As of 6 April, 89 Gigalitres (GL) has passed the Wilby Wilby gauge on the Narran River, with around 60 Gigalitres reaching the Narran Lakes so far. Waterbird breeding habitat has received a good watering, and we can see the difference the water has made in the two satellite images. The water in the Narran Lakes will persist for months, supporting birds, fish, vegetation and other wildlife.



Clear Lake. Photo credit: Peter Berney

The origin of Dharriwaa

The Narran Lakes are culturally very significant. Dharriwaa has been an important site to Aboriginal groups for thousands of years – as a meeting place for people and animals alike. But how did Dharriwaa come to be? Here is the story…

Back in the creation time, Byamee went hunting with his two wives Birrahgnooloo and Cunnunbeillee. Byamee said:

“While I go for the honey, go you two out and get frogs and yams, then meet me at Coorigel Spring, where we will camp, for sweet and clear is the water there.”

The wives, taking their yam sticks, went out as he told them. Having gone far, and dug out many yams and frogs, they were tired when they reached Coorigel, and, seeing the cool, fresh water, they longed to bathe.

Byamee was supposed to meet his wives back at Coorigel spring. However, whilst bathing in the sweet and clear water, Byamee’s wives were seized and swallowed by two kurreahs (crocodile like creatures). The kurreahs then dived into an underground watercourse, which led to the Narran River – drying all the watercourses along the way.
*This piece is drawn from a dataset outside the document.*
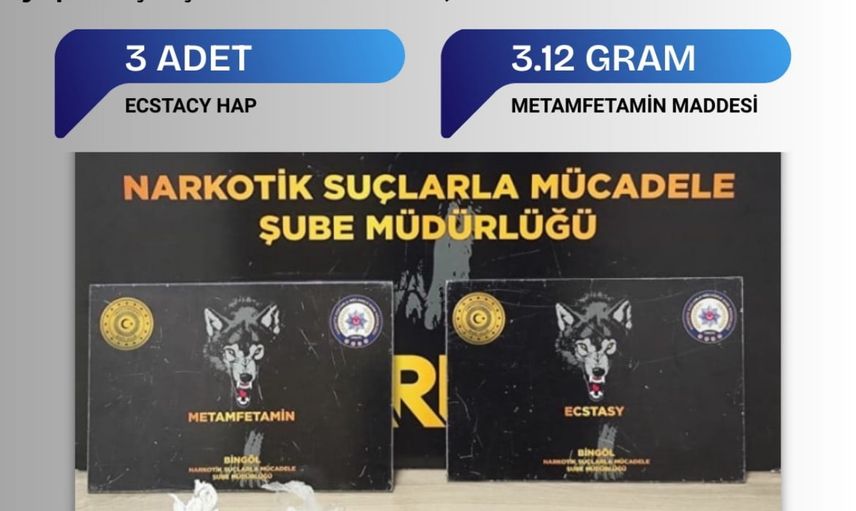 Bingöl Emniyet Müdürlüğü Narkotik Suçlarla Mücadele Şube Müdürlüğü ekiplerinin yürüttüğü çalışmalarda, 3 adet ecstasy hap ile 3,12 gram metamfetamin maddesi ele geçirildi.

When Byamee reached the spring and realised what had happened he started in pursuit of the kurreahs. He soon reached the deep hole where the underground channel of the Coorigel joined the Narran. There he saw what he had never seen before, namely, this deep hole dry. And he said:

“They have emptied the holes as they went along, taking the water with them. But well know I the deep holes of the river. I will not follow the bend, thus trebling the distance I have to go, but I will cut across from big hole to big hole, and by so doing I may yet get ahead of the kurreahs.”

On swiftly sped Byamee, making shortcuts from big hole to big hole, and his track is still marked by the morilla ridges that stretch down the Narran, pointing in towards the deep holes. Every hole as he came to it he found dry, until at last he reached the end of the Narran; the hole there was still quite wet and muddy, then he knew he was near his enemies, and soon he saw them.
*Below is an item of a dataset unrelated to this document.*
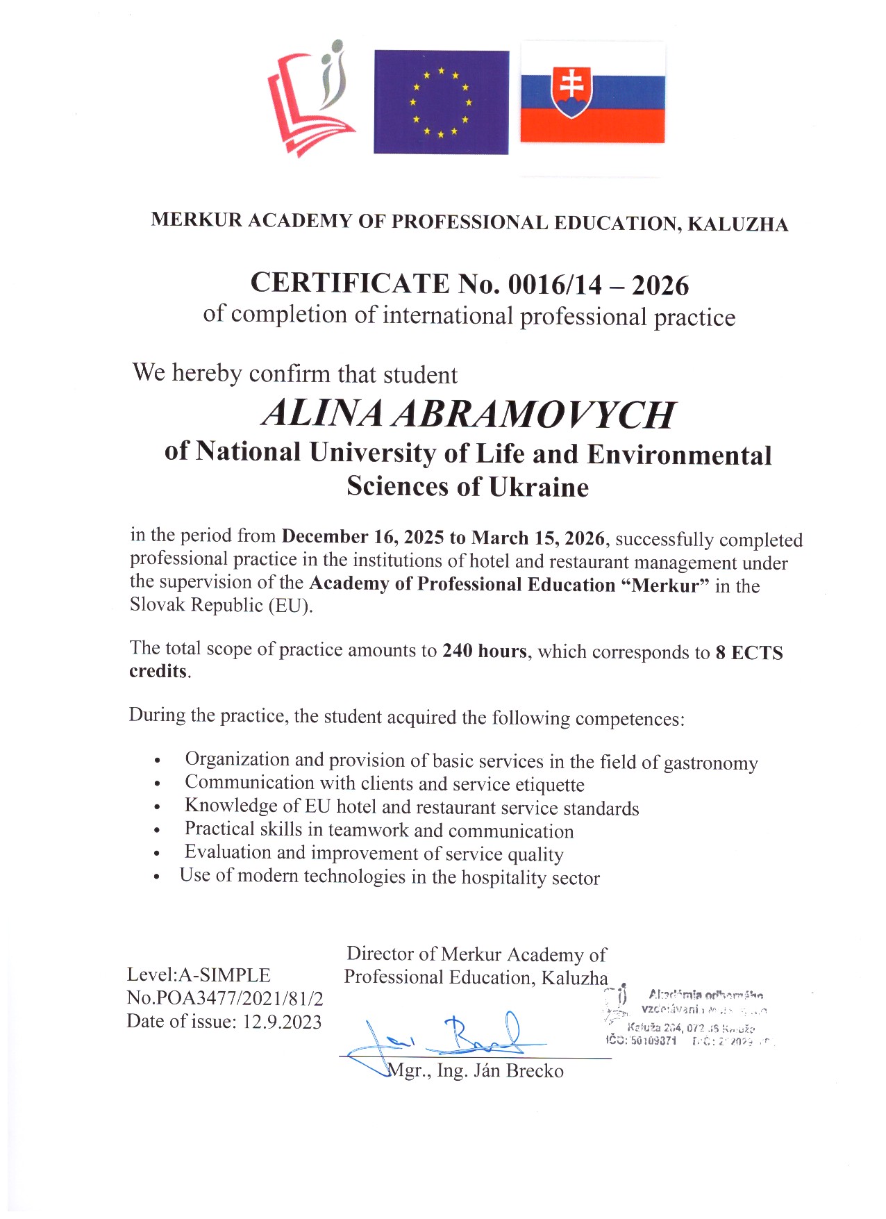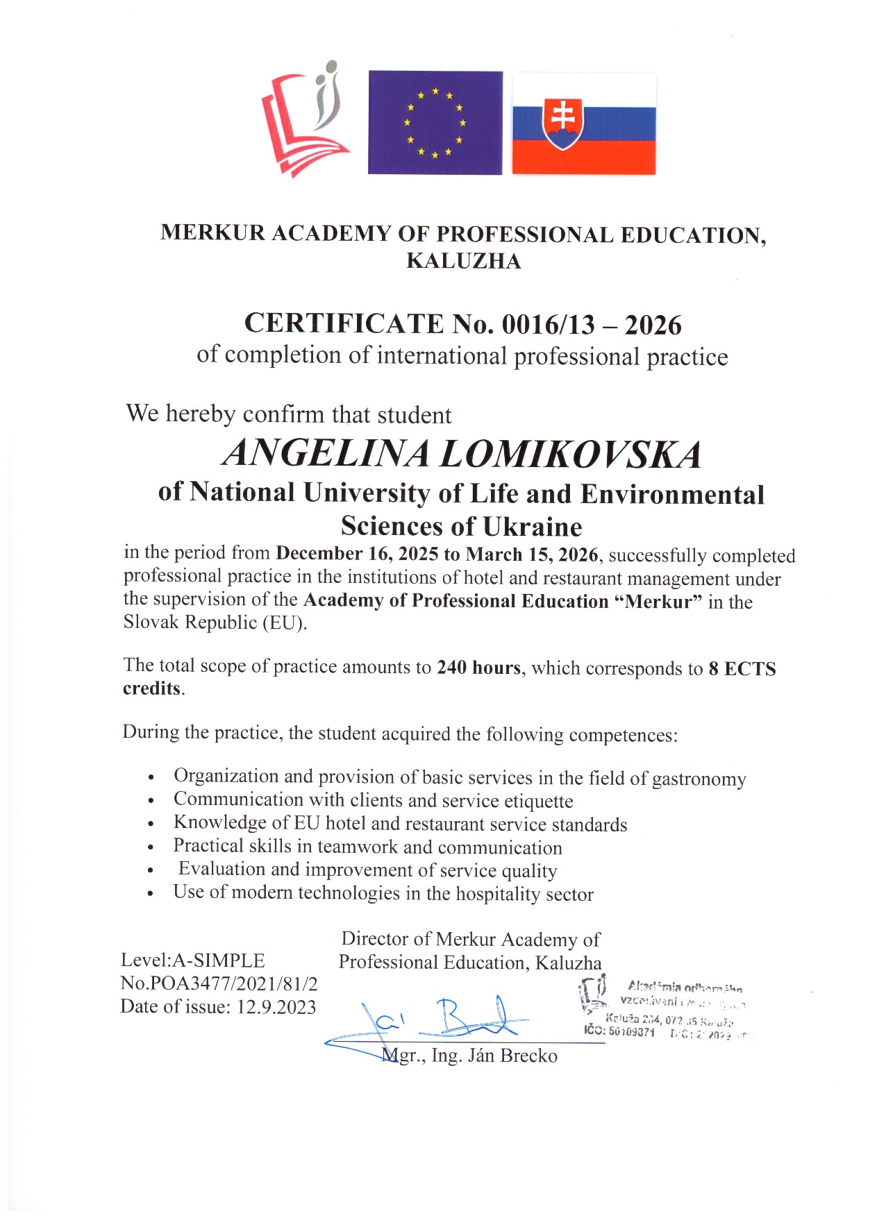 ОС "Магістр" ОП "Готельно-ресторанна справа"

Image of crocodile taken at Narran Lakes at an open day in 2018. Photo: University of New England

Quickly Byamee hurled one spear after another, wounding both kurreahs, who writhed with pain and lashed their tails furiously, making great hollows in the ground, which the water they had brought with them quickly filled. Thinking they might again escape him, Byamee drove them from the water with his spears, and then, at close quarters, he killed them with his woggarahs. And ever afterwards at flood time, the Narran flowed into this hollow which the kurreahs in their writhings had made.

Byamee speared and killed the kurreahs to release his wives who came back to life. For a moment they stood apart, a dazed expression on their faces. Then they clung together, shaking as if stricken with a deadly fear. But Byamee came to them and explained how they had been rescued from the kurreahs by him. He bade them to beware of ever bathing in the deep holes of the Narran, lest such holes be the haunt of kurreahs.

Then he bade them look at the water now at Boogira, and he said:

“Soon will the black swans find their way here, the pelicans and the ducks; where there was dry land and stones in the past, in the future there will be water and water-fowl, from henceforth; when the Narran runs it will run into this hole, and by the spreading of its waters will a big lake be made.”

And what Byamee said has come to pass, as the Narran Lake shows, with its large sheet of water, spreading for miles, the home of thousands of wild fowl.

Narran Lakes. Photo credit: Arthur Mostead

Royal Spoonbills at Ramsar Listed Narran Lakes. Photo credit: Tracy Fulford

Flows continue to improve the health of Narran Lakes

As of the end of March 2020, over half of the Narran Lake Nature Reserve Ramsar Site had been inundated. After Narran Lakes fill, water will persist for months.